Crystal Barrier is an adventure for fantasy role-playing games published by Mayfair Games in 1987.

==Plot summary==
Crystal Barrier is an adventure scenario intended for player characters of levels 6-8, and is a follow-up to a scenario published in the Dragons supplement. The characters are dispatched to another world to aid in a war involving good dragons against evil dragons, and will need to enter the fortress of the Necromancer to set the soul of the Dragon Lord free.
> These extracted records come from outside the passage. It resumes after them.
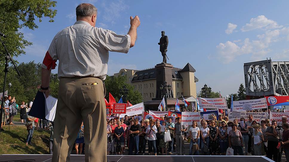 Митинг открыл заместитель председателя федерации профсоюзов Новосибирской области Василий Москвин. Профсоюзный лидер отметил, что свыше 70 региональных парламентов поддержали предложенную правительством России пенсионную реформу. «Мы с вами выбирали депутатов и видим, как они защищают наши права. Нам можно надеяться только на себя»,— сказал господин Москвин, предложив проанализировать работу Пенсионного фонда РФ. «Есть много вопросов и по части особняков, и по части заработных плат руководителей»,— уточнил он.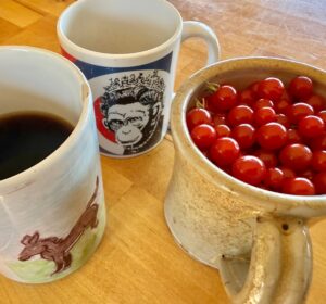 Amana Orange Heirloom tomatoes are starting up this weekend. Other colors, shapes, flavors, and sizes are ripening too.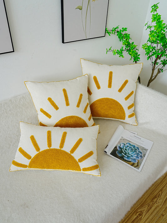 Boho Home Decor Yellow Sun Tufted Embroidered Pillowcase – Decorative Throw Pillow Cover For Living Room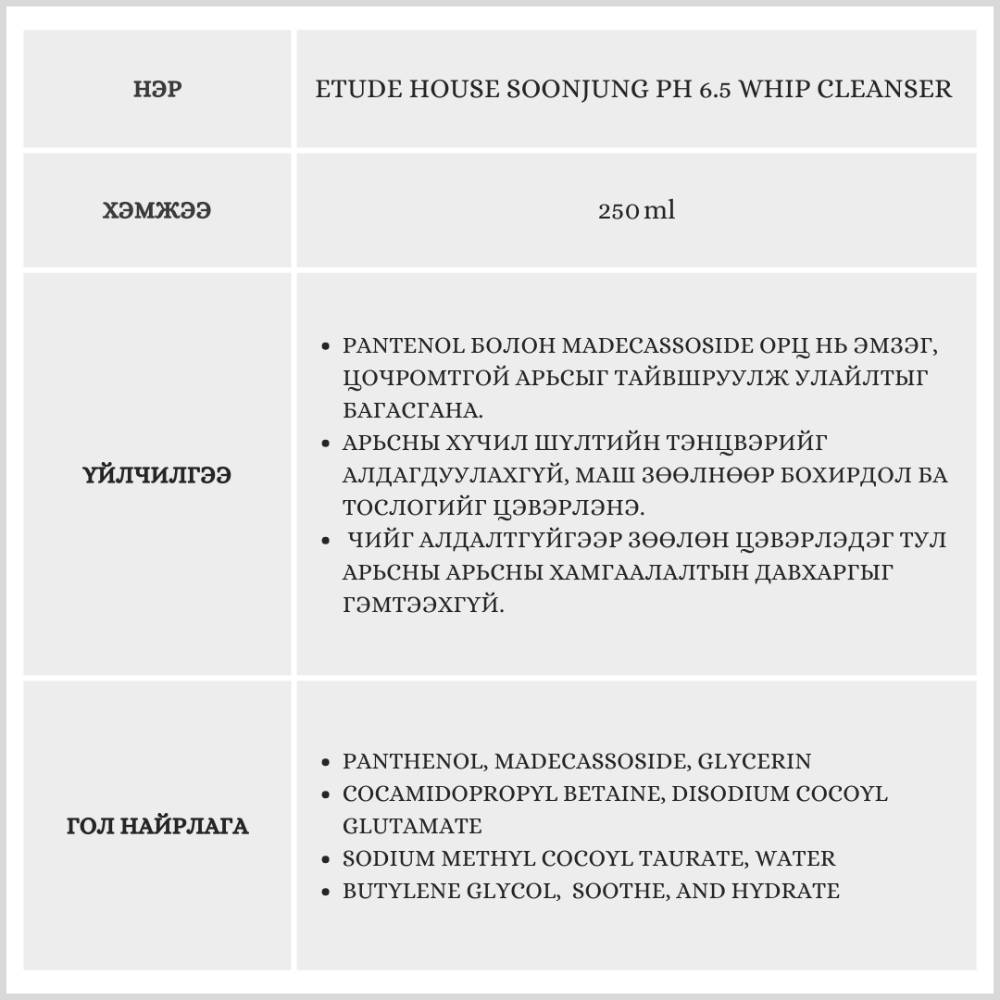 Энэхүү бүтээгдэхүүн нь эмзэг, мэдрэмтгий арьсанд зориулагдсан бөгөөд арьсыг цочроохгүй арьсны pH тэнцвэрийг хадгалж тайвшруулна. Мөн амьтны гаралтай түүхий эд ашиглаагүй, веган найрлагатай.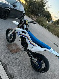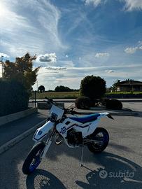 Vendo Husqvarna tc 125 del 2023 allestimento heritage, dotato di tripla omologazione convertito a motard, cerchi faba tubless con mozzo blu. Monta scarico completo HGS con silenziatore blu elettrico, in dotazione do anche cerchi e ruote originali da cross e scarico originale. La moto ha 140 ore totali e il pistone è stato rifatto 50 ore fa. Prezzo Trattabile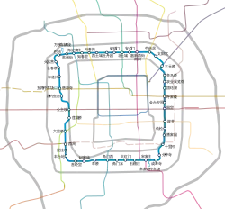 Line 10 of the Beijing Subway (Chinese: 北京地铁10号线; pinyin: běijīng dìtiě shíhào xiàn) is the second loop line in Beijing's rapid transit network as well as the longest and most widely used line. The line is 57.1 km (35.5 mi) in length and runs entirely underground through Haidian, Chaoyang and Fengtai Districts, either directly underneath or just beyond the 3rd Ring Road.[3] The Line 10 loop is situated between two and six kilometers outside the Line 2 loop, which circumnavigates Beijing's old Inner City. Every subway line through the city centre intersects with Line 10, which has 24 transfer stations along route, and 45 stations in all.[3] Line 10's color is Capri.

Crystal Barrier is an adventure in which the player characters are pulled to another dimension through a crystal barrier to put a stop to a drug which could affect the balance of a civil war between the dragons of the Dragonlands.

==Publication history==
Crystal Barrier was written by Cory Glaberson, with a cover by Boris Vallejo, and was published by Mayfair Games in 1987 as a 40-page book. The adventure module was part of the Role Aids line.

==Reception==
Graeme Davis reviewed Crystal Barrier for White Dwarf #90. He noted that "Crystal Barrier is written by Cory Glaberson, the author of Mayfair's Dragons supplement, and draws information from that work, although it is not dependent upon it. [...] The dragons are not the standard AD&D variety, but can still put up a respectable fight, and the party is well advised to co-operate, at least at first." He continued by stating that in the other dimension past the crystal barrier "there are some interesting effects and monsters around, as well as some hard fights if the random encounters go against the party. 60 Ghouls could give even a quite well-equipped 6th-8th level party a fair amount of trouble. The main villain is a very nasty piece of work, and has a range of new spells and special powers which will appeal to hardware buffs once again. The showdown in his castle is a standard dungeon bash, and so, really, is the whole adventure, but the special effects of this alternate dimension make it more interesting than the general run of hack and slay adventures. It's quite heavy going, and I think it might give a party of up to 10th level a good run for their money. There are powerful monsters, less powerful ones in great numbers [...] and a couple of whimsical touches that you will either love or loathe, like zombies wearing magical sunglasses which allow them to see through fog, and a gnoll with a pump-action shotgun. There is a very interesting twist to the final encounter, too, which may lead to a dilemma for at least one member of the party." Davis concludes his review by saying, "If you're looking for an old-fashioned mid-level dungeon bash with some interesting twists, this one is for you."